Bernoulli Model
The Bernoulli model begins by specifying a time frame over which a claim can occur. (say, one month or one year) Next, it models the occurence of a claim as a variable with two possible outcomes (claim or no claim). As such, it follows a Bernoulli Distribution.When the specified time frame is sub divided into sub intervals, with each interval modeled as a Bernoulli variable, the resulting analysis is called survival and event analysis
Fitting to Data
In order to fit the Bernoulli variable to data, one must first construct a dataset whose observation period matches that of the modeling variable. That is, if the model is designed to forecast an event over a 1 month time frame, the observations in the dataset must be observations of 1 month periods with a variable indicating the presence or absence of the event.Once constructed, the probability of the event occurring can be calculated simply by averaging the dataset variable representing the event. (see fitting a Bernoulli)
Factors Influencing Probability
For the purposes of modeling an insurance contract, it is often necessary to model the claim probability as being influenced by a set of exogenous factors. Sometimes this can be accomplished simply by splitting the observational dataset into separate datasets, each representing a different factor.For instance, when calculating the probability of death as a function of age, one can just split the data into a mortality table. That is, each age bracket is considered separately and a probability calculated for each group separately.
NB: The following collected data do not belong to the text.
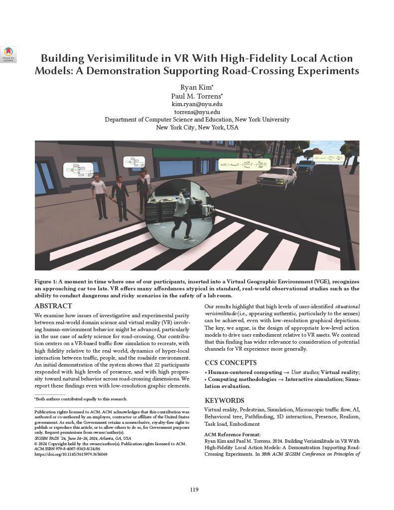 - Kim, R., & Torrens, P. M. (2024). Building verisimilitude in vr with high-fidelity local action models: a demonstration supporting road-crossing experiments. Proceedings of the 38th ACM SIGSIM Conference on Principles of Advanced Discrete Simulation (pp. 119–130). New York, NY, USA: Association for Computing Machinery. URL: https://doi.org/10.1145/3615979.3656060, doi:10.1145/3615979.3656060
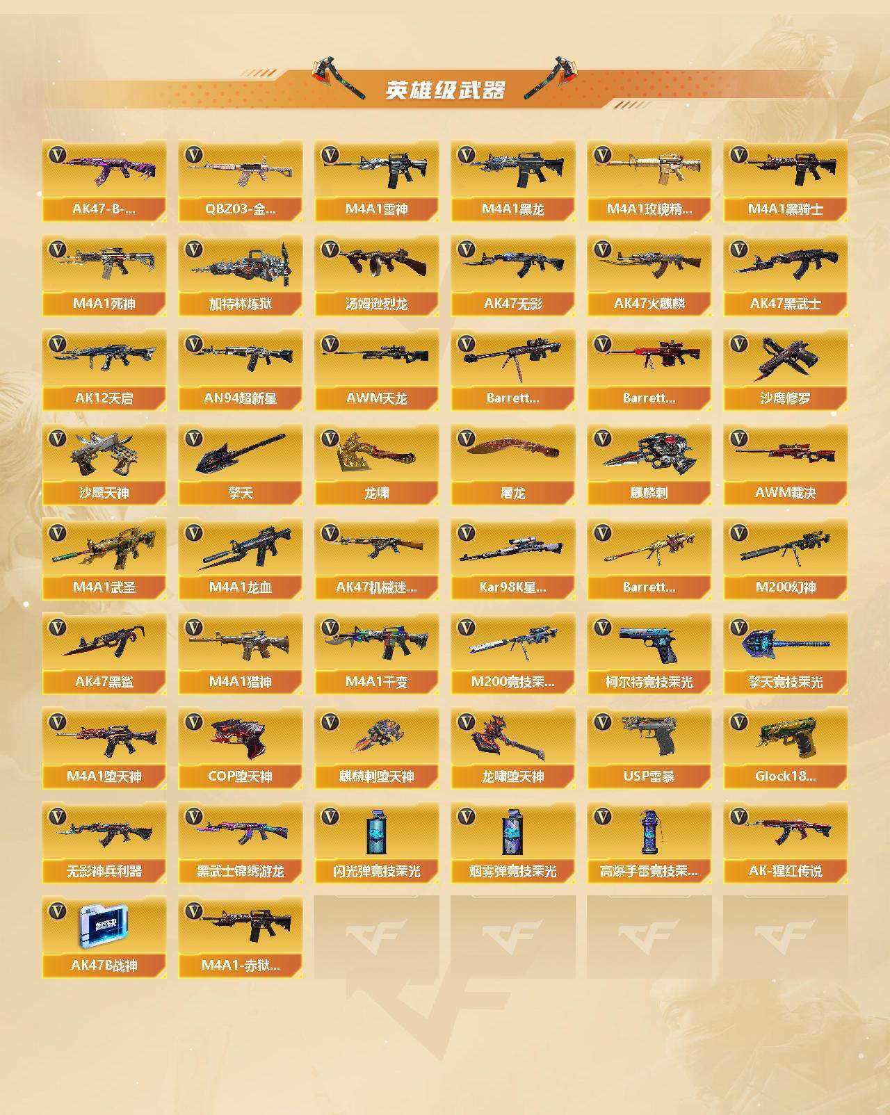 【英雄级武器】:M200-竞技荣光,柯尔特-竞技荣光*3,擎天-竞技荣光,高爆手雷-竞技荣光*4,烟雾弹-竞技荣光*3,闪光弹-竞技荣光*4,M4A1-堕天神,COP-堕天神,麒麟刺-堕天神*2,龙啸-堕天神*2,USP-雷暴,M4A1-武圣,Glock18-武圣,QBZ03-金色蔷薇,无影-神兵利器,M4A1-雷神*4,M4A1-黑龙*2,M4A1-玫瑰精灵*2,M4A1-黑骑士*2,M4A1-死神,加特林-炼狱*8,汤姆逊-烈龙*7,AK47-
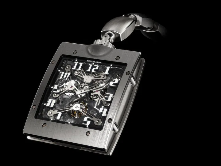 RM 020是第一款使用由碳纳纤维制成的底板的怀表。这种材料最早是用在美国空军的喷气机里。这是一种各向同性的复合材料,在7500 N/cm2的高压和2000˚C的高温下浇铸而成,具有极强的机械、物理和化学各方面稳定性。该材料适用于保证运转传动链在多变的条件和气温下的稳定性。陀飞轮擒纵机构由双上发条发条匣驱动。两个发条匣直接连接在一起,提供大约10日动力储备。
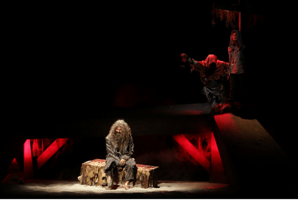 Jeanne D’arc’ın hayatını yazan Tsanev, bakire kızı celladı ve inandığı Tanrı’sıyla aynı zindanın içinde buluşturuyor. Konuda az sonra diri diri yakılacak olan genç kız gerçekten kahraman olan Jeanne mi yoksa o’ nu yerine geçmiş paralı fahişe mi? İkilem içinde çatışma yaratan olay zinciri ilk önce insanı şaşırtsa da, inandığı değerleri uğruna ölümü tercih eden bir insanın azmi, kötünün hiçbir zaman kazanamayacağını açıklıkla ortaya koymuş. Oyunu Yunus Emre Bozdoğan yönetirken sahnede Özlem Baykara Danacı, Sinan Demirer ve Hakkı Kuş rol alıyor. Yönetmenin fütürist algıyla eğildiği oyunda, sahne tasarımının bu algıyla birlikte oluşturulması, zindanın kumlar içinde tercih edilmesi çok iyi düşünülmüş. Yönetmenin izlediğim diğer yorumların etkisi altından kalmadan kendi özgün yönetim biçimini tercih etmesi gösterideki performansı zirveye taşıyan unsur. Karakterlerin oyuncularla doğru biçimde paralellik gösterdiğini belirteyim. Hakkı Kuş’ un ‘cellat’ rolünde sapık, çıkarcı, sistemin uşağı rolünü ironi dolu canlandırması ağır konudaki komedi olgusunu doğururken, ‘Tanrı’ rolünde Sinan Demirer sahnedeki ağırlığını ustalıkla konuşturmuş. ‘Zeus’ ve ‘Herkül’ arasındaki ‘baba-oğul’ durumu gibi, ‘Tanrı’ ile ‘İsa’ arasındaki ‘baba-oğul’ anlatısı Sinan Demirer’ in tok sesiyle seyirciyi duygu yüklü anlara sürüklüyor. Özlem Baykara Danacı için çok fazla parantez açmalı. İlk sahneden son sahneye kadar inandığı değerlerinden taviz vermeyen karakteri hem duygusal çatışmalarla hem de korkusuz bir yüreğin hazin haykırışıyla oynamış. Rolünün psikolojik unsurlarını dört dörtlük algılayan bir oyuncu var karşımızda. Danacı’ nın performansı gösterinin mihenk taşı!

Splitting the dataset can be problematic for the following reasons.
- The dataset may not be large enough to be able to split along every dimension and still be able to get a good estimate
- The factor in question could be continuous. In some cases, such as the age case, it is acceptable to split the continuous variable in a set of buckets, in other cases it may be harder.
When there is a structure to the relationship between the event and the underlying factor (such as a linear relationship), the techniques of regression can be employed to tease out the relationship. In the case of a Bernoulli variable, the Logistic Regression is often used.